Itzhak Katzenelson’s “Song of the Murdered Jewish People”

Itzhak Katzenelson’s “Song of the Murdered Jewish People”

Itzhak Kazenelson (1886-1944) was a teacher, dramatist, and author of Hebrew and Yiddish Poetry. A pioneering maskil, he opened a secular Jewish school and a Hebrew theater group in Lodz. Katzenelson participated in the Warsaw Ghetto Uprising, but was ultimately murdered in Auschwitz on May 1,1944. Below is an excerpt from his most famous poem,”Song of the Murdered Jewish People,” which expresses his lament and account of the tragic life in the Warsaw Ghetto. This version is translated from the original Yiddish by Noah H. Rosenbloom.

THE FIRST ONES

  1. And it continued. Ten a day, ten thousand Jews a day.
    That did not last very long. Soon they took fifteen thousand.
    Warsaw’ The City of Jews – the fenced-in, walled-in city,
    Dwindled, expired, melted like snow before my eyes.
  2. Warsaw, packed with Jews like a synagogue on Yom Kippur*, like a busy market place
    Jews trading and worshiping, both happy and sad
    Seeking their bread, praying to their God.

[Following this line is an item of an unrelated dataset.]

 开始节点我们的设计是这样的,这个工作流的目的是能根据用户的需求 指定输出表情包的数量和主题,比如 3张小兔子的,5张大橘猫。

    They crowded the walled-in, locked-in city.
  3. You are deserted now, Warsaw, like a gloomy wasteland.
    You are a cemetery now, more desolate than a graveyard.
    Your streets are empty-not even a corpse can be found there.

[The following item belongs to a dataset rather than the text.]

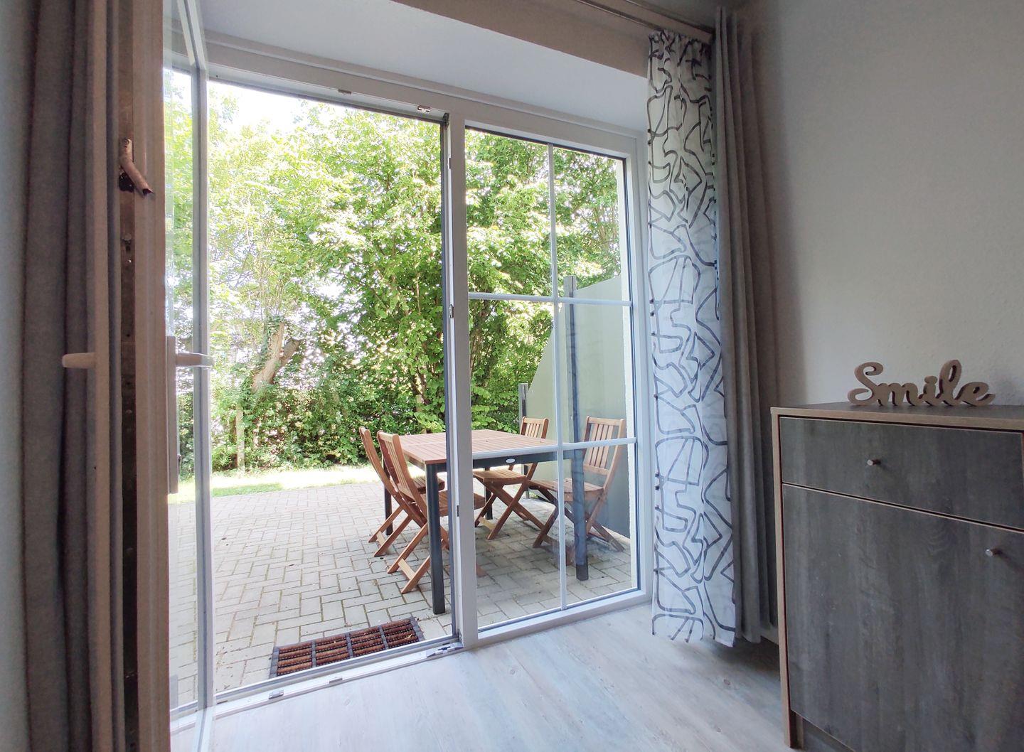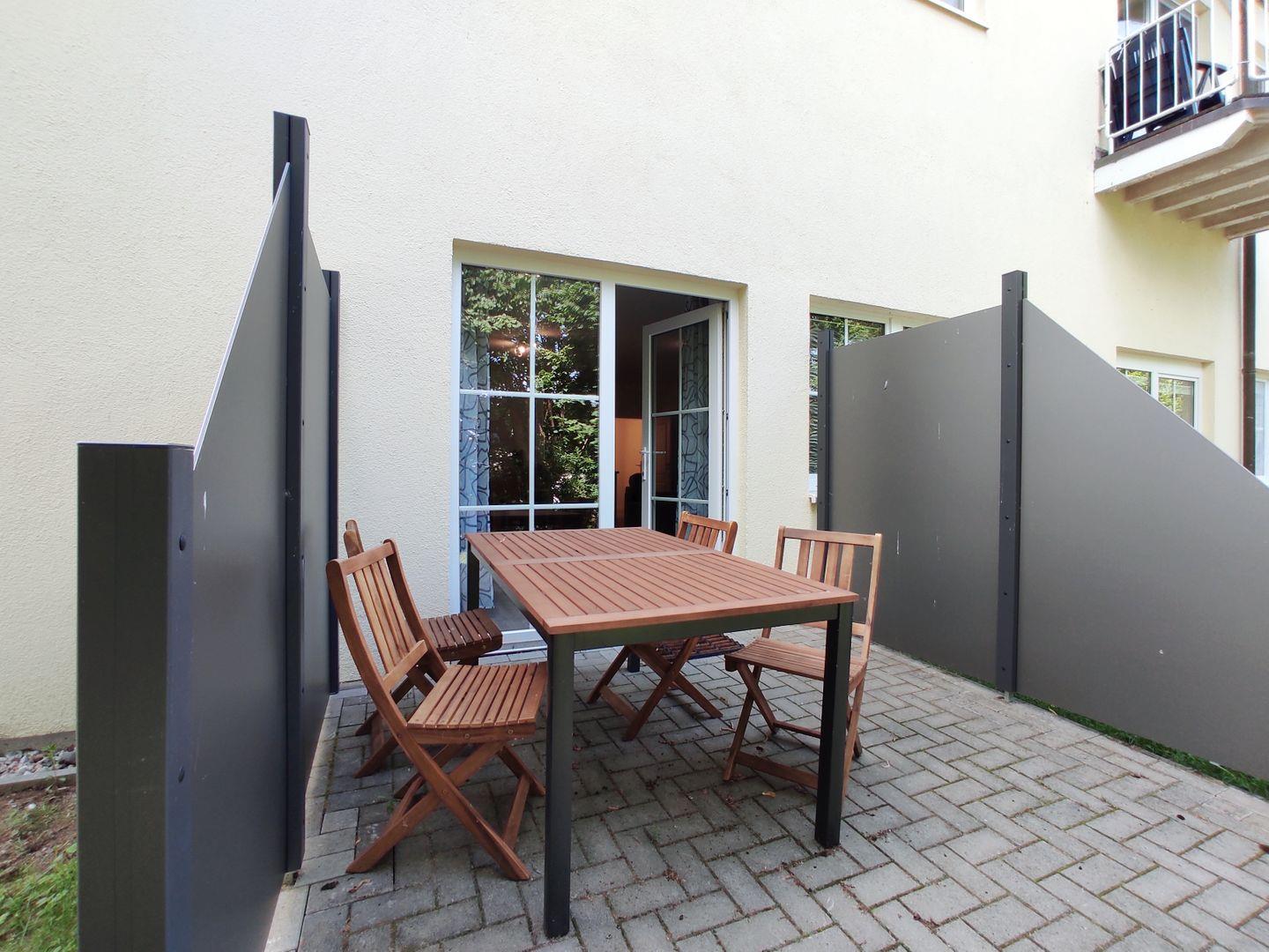 Die Terrasse der Ferienwohnung ist ein echtes Highlight. Hier können Sie die frische Luft genießen und sich auf den bequemen Gartenmöbeln entspannen. Ein Windschutz sorgt für Privatsphäre und Gemütlichkeit, während Sie den Tag im Freien verbringen.

    Your houses are open, yet no one enters, no one leaves.
  4. The first to perish were the children, abandoned orphans,
    The world’s best, the bleak earth’s brightest.
    These children from the orphanages might have been our comfort.

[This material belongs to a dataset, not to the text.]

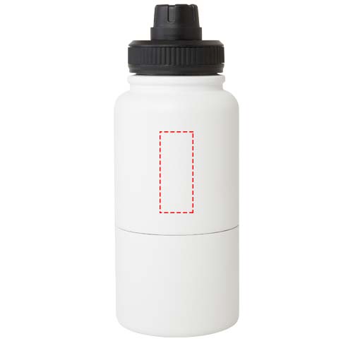 Многоразовая бутылка-термос из нержавеющей стали, сертифицированная RCS, со съемным контейнером для хранения. В верхней части бутылка имеет медный изолированный термос объемом 530 мл, который сохраняет напитки горячими или холодными в течение нескольких часов. Нижняя часть представляет собой контейнер с двойными стенками, вмещающий до 340 мл. Его можно использовать как чашку для любимых холодных напитков или для хранения закусок или других мелочей. Поставляется в подарочной коробке из переработанного картона.

    From these sad, mute, bleak faces our new dawn might have risen.
  5. At the end of the winter of forty-two I was in such a place.
    I saw children just brought in from the street. I hid in a corner
    And saw a two-year-old girl in the lap of a teacher
    Thin, deathly pale and with such grave eyes.
  6. I watched the two-year-old grandmother,
    The tiny Jewish girl, a hundred years old in her seriousness and grief.
    What her grandmother could not dream she had seen in reality.
    I wept and said to myself: Don’t cry, grief disappears, seriousness remains.
  7. Seriousness remains, seeps into the world, into life and affects it deeply.
    Jewish seriousness sobers, awakens and opens blind eyes.
    It is like a Torah*, a prophecy, a holy writ for the world.
    Don’t cry, don’t … Eighty million criminals for one Jewish child’s seriousness.